Это был последний пункт повестки дня, и заседание вскоре закрылось. Нау смотрел, как народ выплывает в двери, переговариваясь об открытии Ли и освобождении Вена. Эзр Винж шел последним и не говорил ни с кем. Зато сиял.
Да, мистер Винж. Ведите себя хорошо, и, быть может, я когда-нибудь освобожу ту, о которой вы беспокоитесь.

16

Все было очень тихо на Межвахтье. Вообще Вахты исчислялись целым числом мегасекунд и перекрывались так, чтобы можно было ввести новую Вахту в курс текущих проблем. Межвахтье ни для кого не было секретом, но Нау официально рассматривал его как сбой программы планирования, четырехдневный зазор, который то и дело происходил между Вахтами. Это было вроде как пропавший седьмой этаж или тот мифический волшебный день, что располагается между перводнем и второднем.

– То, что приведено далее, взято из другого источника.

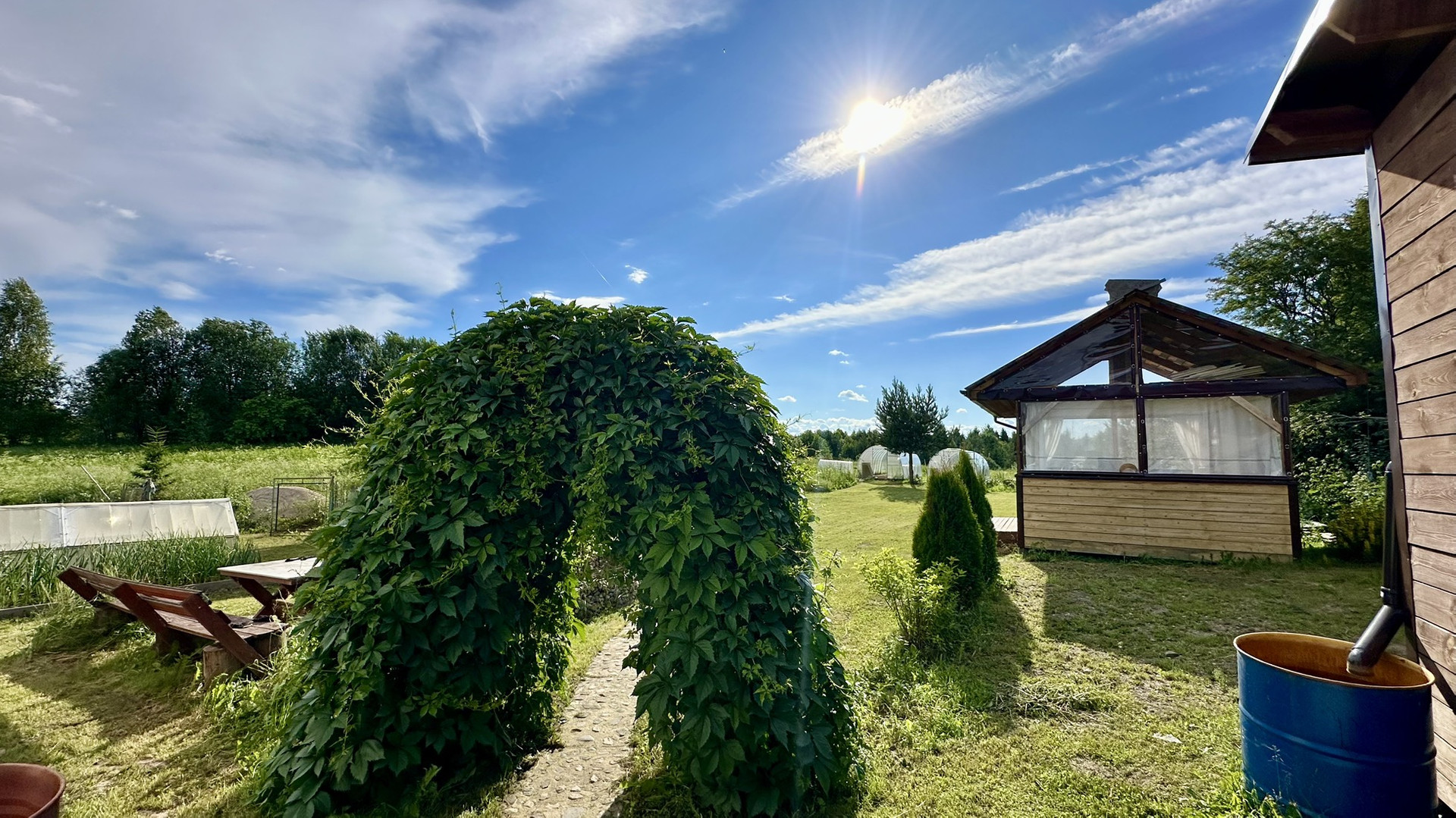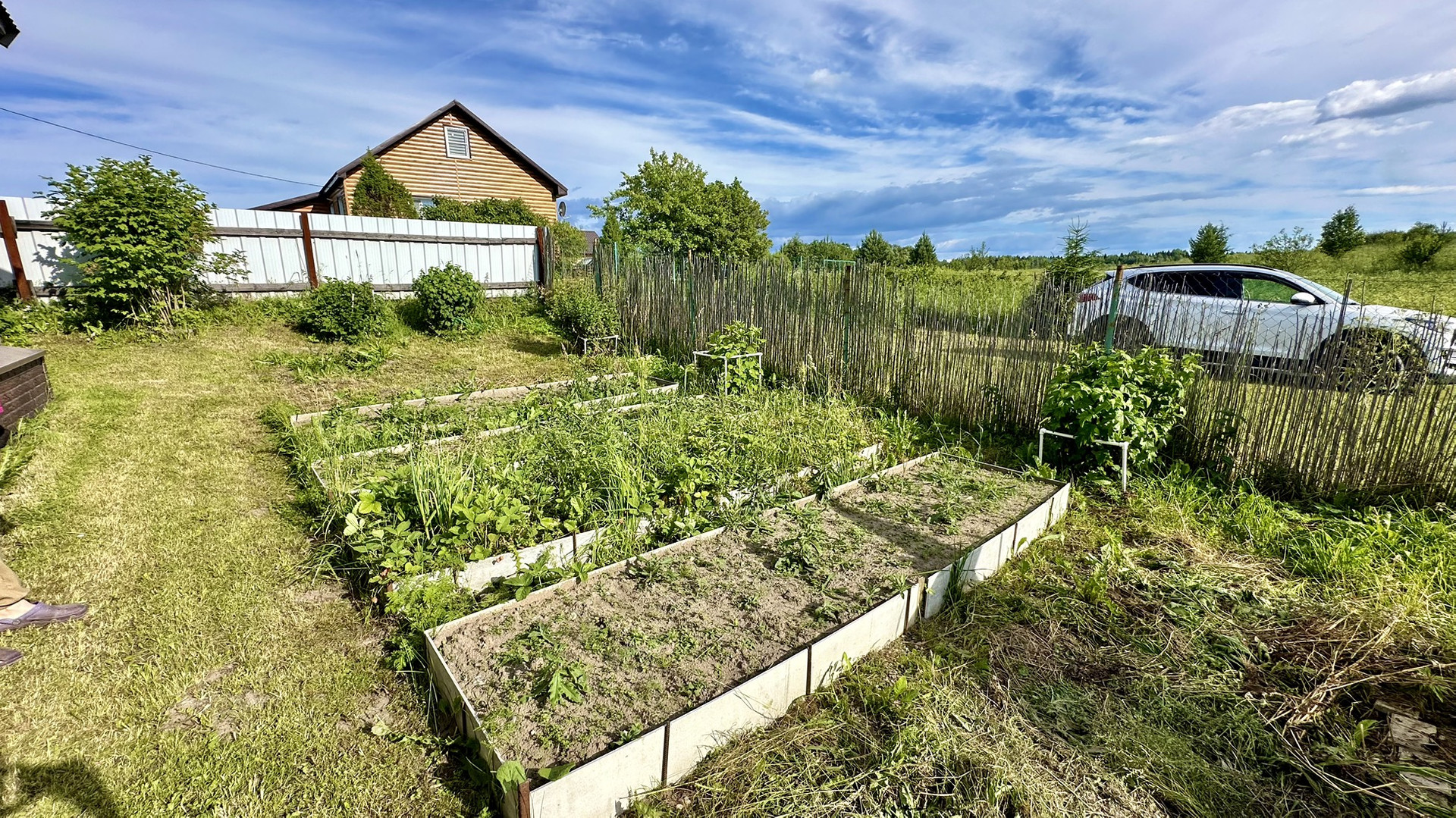 Облагороженные грядки, разработанное картофельное поле. Высажен газон, хвойники, красивые клумбы и арка для вьющих растений.
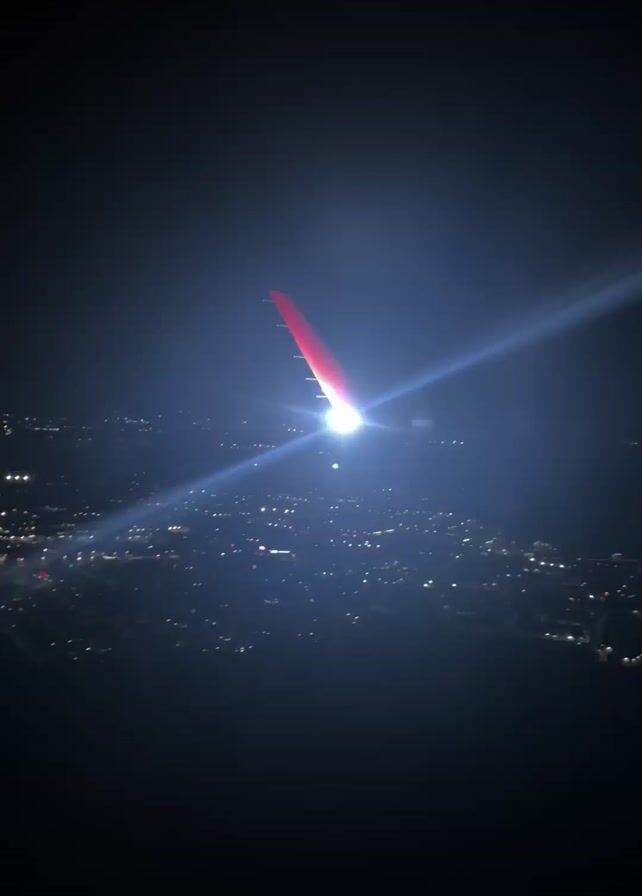 night view of a city from above, with a crescent moon visible in the sky. The city lights are spread out below, and a bright light source, possibly a searchlight, shines upwards with a red beam. The surrounding area is dark, with only a few faint outlines of landforms visible.
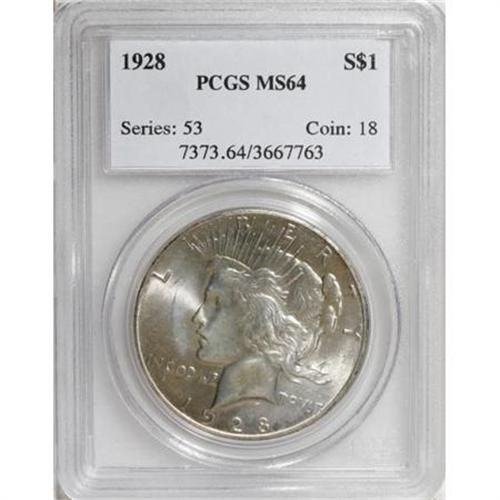 <B>1928 $1 MS64 PCGS.</B></I> A lustrous near-Gem with satiny silver surfaces and subtle champagne toning. A few insignificant marks prevent a Gem grade assessment.<BR><BR><B>Coin Engraver:</B> Anthony de Francisci<BR><BR><b>Shipping:</b> Coins & Currency (<a target="_blank" href="http://www.heritageauctions.com/common/shipping.php">view shipping information</a>)
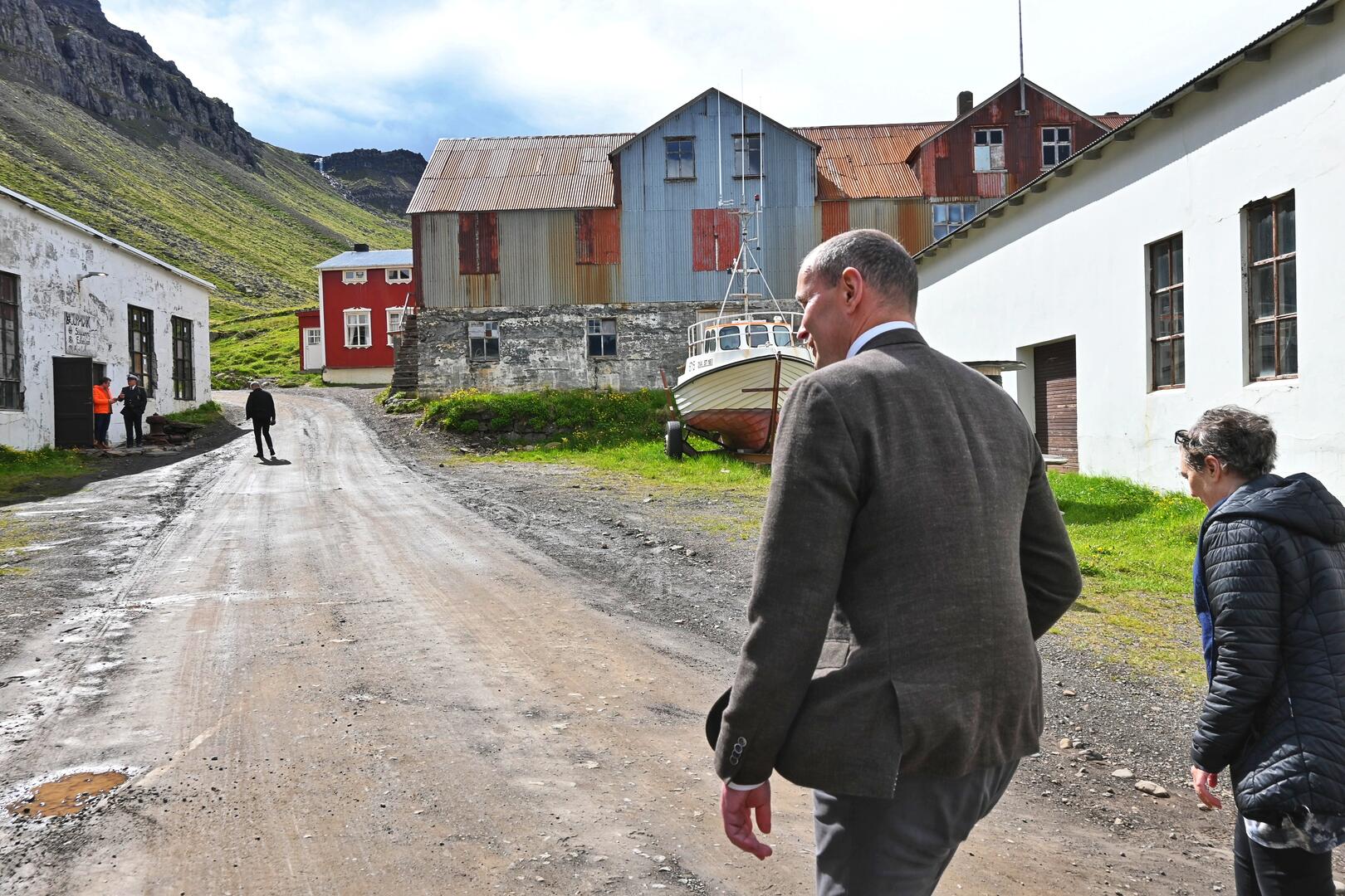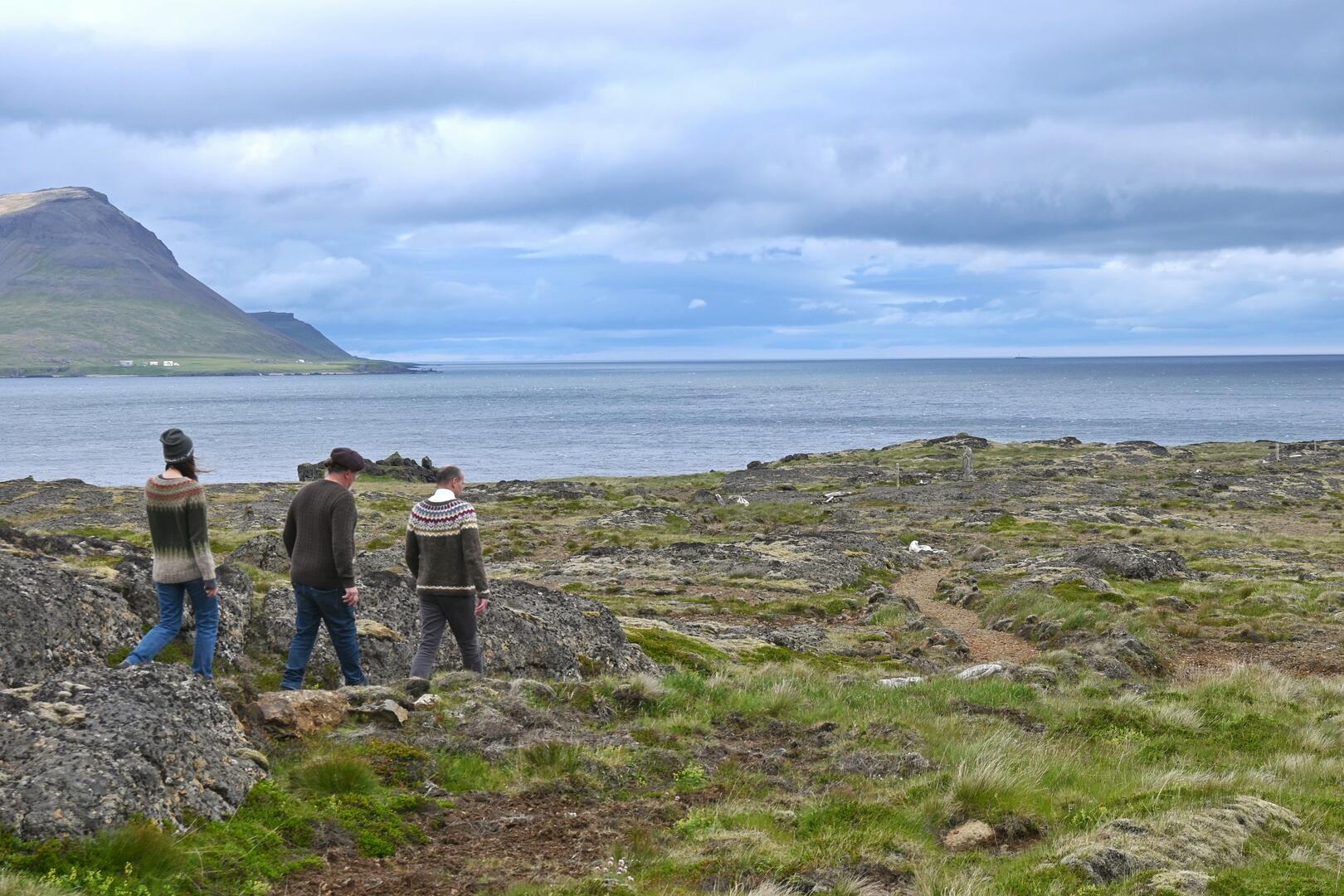 Gengið um Djúpavík með Evu Sigurbjörnsdóttur, oddvita hreppsnefndar Árneshrepps og eiganda Hótels Djúpavíkur. Ljósmynd/Una Sighvatsdóttir

– А скажи, плохо было бы иметь и дома Межвахтья? – пошутил Брюгель, проводя Нау и Кэла Омо в анабиозные ниши. – Я пять лет занимался безопасностью на Френке, и это было бы куда легче, если бы время от времени я мог перетасовывать дичь, как мне хочется.
Голос его гулко отдавался в хранилище, эхо доносилось с разных сторон. На самом деле они трое были единственными не спящими на «Суивире». В Хаммерфесте была еще Рейнольт и контингент работающих зипхедов. Минимальный экипаж эмергентов и Кенг Хо – в том числе Чиви Лизолет – работал со стабилизационными соплами скальной конструкции. Но, не считая зипхедов, высшие секреты были известны только девятерым. И между Вахтами они могли сделать все, что было необходимо для защиты группы.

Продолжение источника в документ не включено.